> What you have to do:
Pictures stay out of this copy; please retype only the lines from the start of the records through the line with "Definen hoja de".

> Material for this exercise:

----

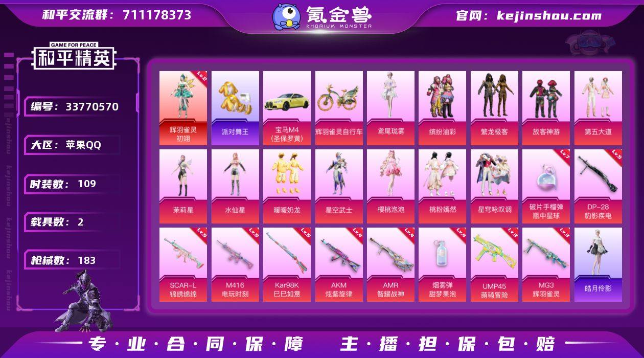 【kyhp1667】苹果 手Q-1神装-12粉装-10特效枪-2载具-4粉色飞行器-57822热力值-9王牌印记-109套装-183枪皮 【红色神装等级】:辉羽雀灵-初翊(二级) 【红色角色神装】:辉羽雀灵-初翊 【热门品类】:粉装-缤纷油彩,粉装-繁龙极客,套装-派对舞王,套装-龟仙人 【粉色套装】:粉装-缤纷油彩,粉装-放客神游,粉装-第五大道,角色-茉莉星,角色-水仙星,粉装-暖暖奶龙,粉装-繁龙极客,角色-星空武士,角色-樱桃泡泡,粉装-桃粉嫣然,粉装-星穹咏叹调,角色-鸢尾珑雾 【粉色枪皮等级】:AKM-炫紫旋律(四级),SCAR-L-锦绣绵绵(五级),M416-电玩时刻(五级),UMP45-萌骑冒险(三级),Kar98K-巳巳如意(五级),AMR-智耀战神(四级),DP-28-豹影疾电(五级),MG3-辉羽雀灵(三级),烟雾弹-甜梦果泡(四级),破片手榴弹-瓶中星球(七级) 【粉色载具】:宝马M4(圣保罗黄),僚机-萌兔起飞,辉羽雀灵自行车 【粉色枪皮】:AKM-炫紫旋律,SCAR-L-锦绣绵绵,M416-电玩时刻,UMP45-萌骑冒险,Kar98K-巳巳如意,AMR-智耀战神,DP-28-豹影疾电,MG3-辉羽雀灵,烟雾弹-甜梦果泡,破片手榴弹-瓶中星球 【粉色飞行器】:炫彩糖果飞行器,超新星飞行器,雀灵庇佑飞行器,极意拳锋飞行器 【粉色降落伞】:...
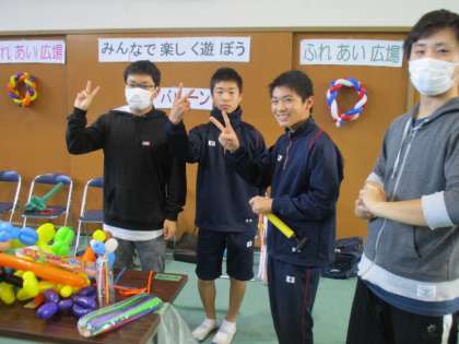 舞台進行は本校の生徒が行っています。風船で動物など作っています。
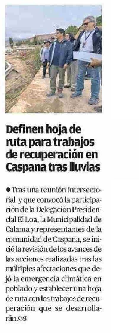 Definen hoja de ruta para trabajos de recuperación en Caspana tras lluvias 09-06-2025 El Mercurio de Antofagasta |
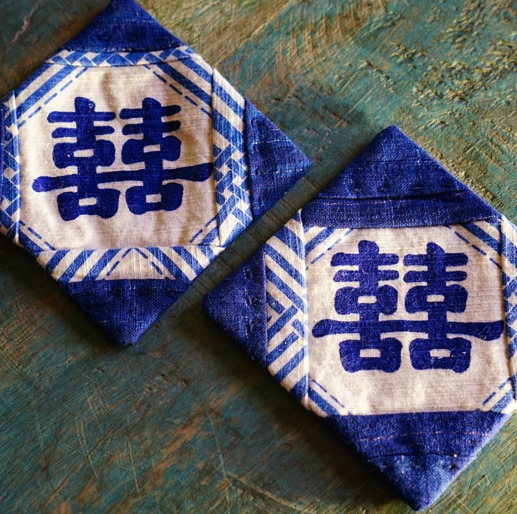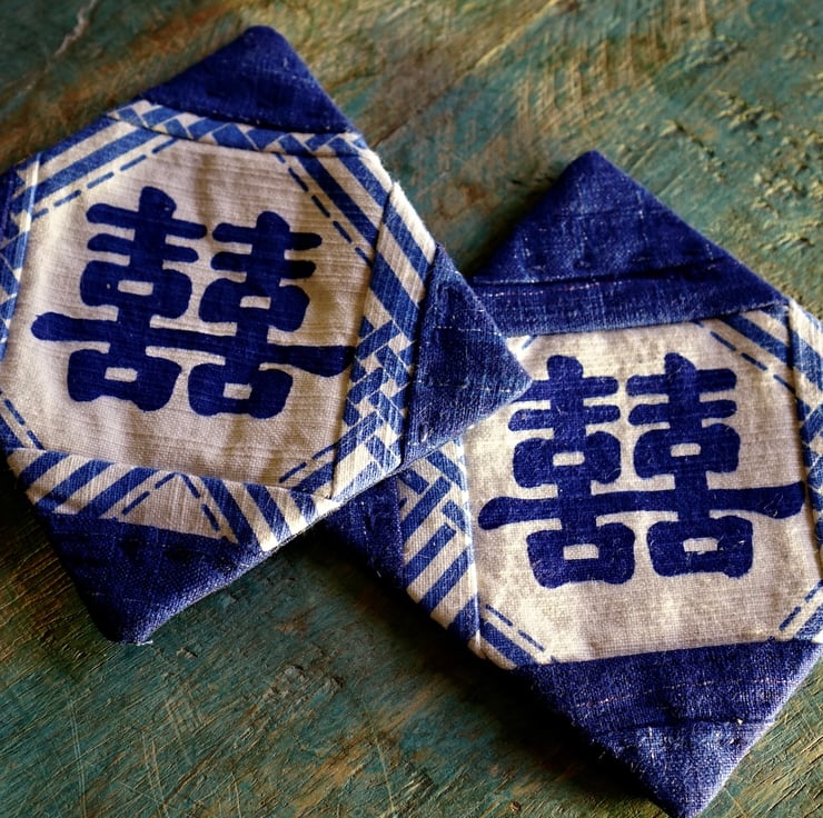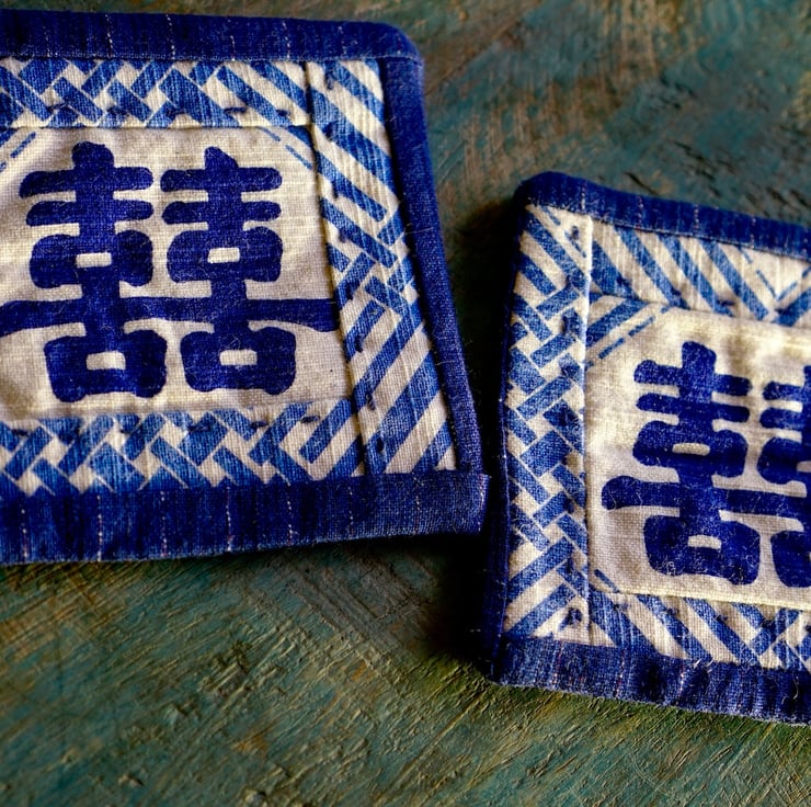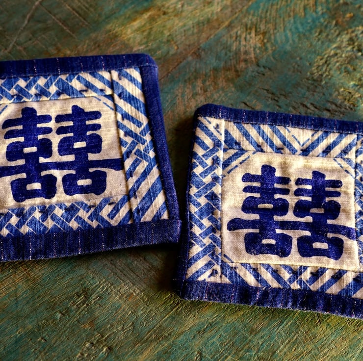 Gift a touch of heritage and warmth with this pair of handmade coasters. Adorned with the iconic "double happiness" motif, these coasters symbolize joy, love, harmony, and good fortune. Made from scraps of the double happiness handprinted cotton and vintage handwoven cotton, making them truly one of a kind. Deliberately to fully utilize the scraps without making the pair perfectly identical, presenting a sense of imperfect beauty. Ideal for bringing tradition and warm wishes to any home, they’re a heartfelt gift for your loved ones.
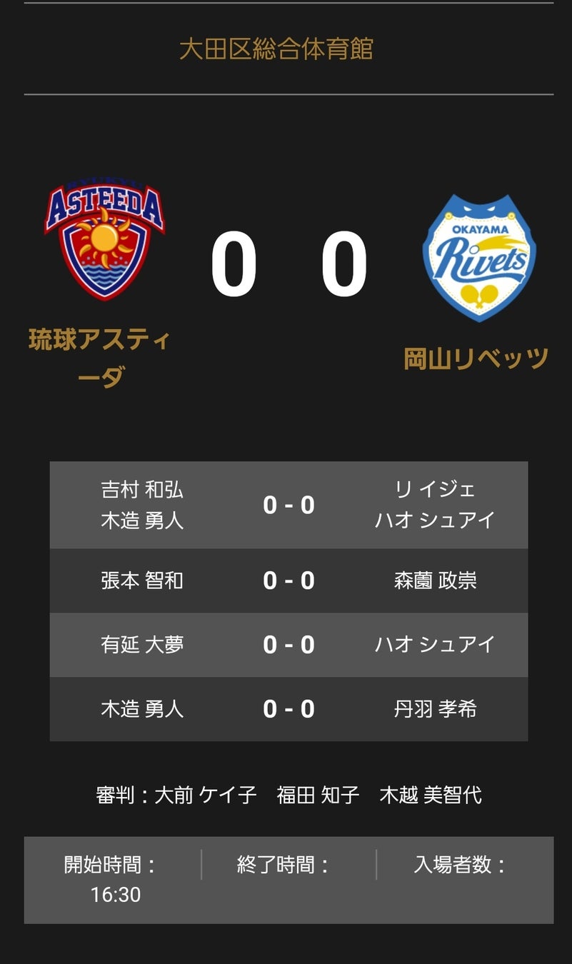 ノジマTリーグ 2022-2023シーズン 公式戦 9月11日開催 琉球アスティーダ vs 岡山リベッツ オーダー発表
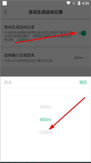 3、开启自动生成运动记录,选择最小生成距离即可;

----

> Response area:
 【kyhp1667】苹果 手Q-1神装-12粉装-10特效枪-2载具-4粉色飞行器-57822热力值-9王牌印记-109套装-183枪皮 【红色神装等级】:辉羽雀灵-初翊(二级) 【红色角色神装】:辉羽雀灵-初翊 【热门品类】:粉装-缤纷油彩,粉装-繁龙极客,套装-派对舞王,套装-龟仙人 【粉色套装】:粉装-缤纷油彩,粉装-放客神游,粉装-第五大道,角色-茉莉星,角色-水仙星,粉装-暖暖奶龙,粉装-繁龙极客,角色-星空武士,角色-樱桃泡泡,粉装-桃粉嫣然,粉装-星穹咏叹调,角色-鸢尾珑雾 【粉色枪皮等级】:AKM-炫紫旋律(四级),SCAR-L-锦绣绵绵(五级),M416-电玩时刻(五级),UMP45-萌骑冒险(三级),Kar98K-巳巳如意(五级),AMR-智耀战神(四级),DP-28-豹影疾电(五级),MG3-辉羽雀灵(三级),烟雾弹-甜梦果泡(四级),破片手榴弹-瓶中星球(七级) 【粉色载具】:宝马M4(圣保罗黄),僚机-萌兔起飞,辉羽雀灵自行车 【粉色枪皮】:AKM-炫紫旋律,SCAR-L-锦绣绵绵,M416-电玩时刻,UMP45-萌骑冒险,Kar98K-巳巳如意,AMR-智耀战神,DP-28-豹影疾电,MG3-辉羽雀灵,烟雾弹-甜梦果泡,破片手榴弹-瓶中星球 【粉色飞行器】:炫彩糖果飞行器,超新星飞行器,雀灵庇佑飞行器,极意拳锋飞行器 【粉色降落伞】:...
 舞台進行は本校の生徒が行っています。風船で動物など作っています。
 Definen hoja de ruta para trabajos de recuperación en Caspana tras lluvias 09-06-2025 El Mercurio de Antofagasta |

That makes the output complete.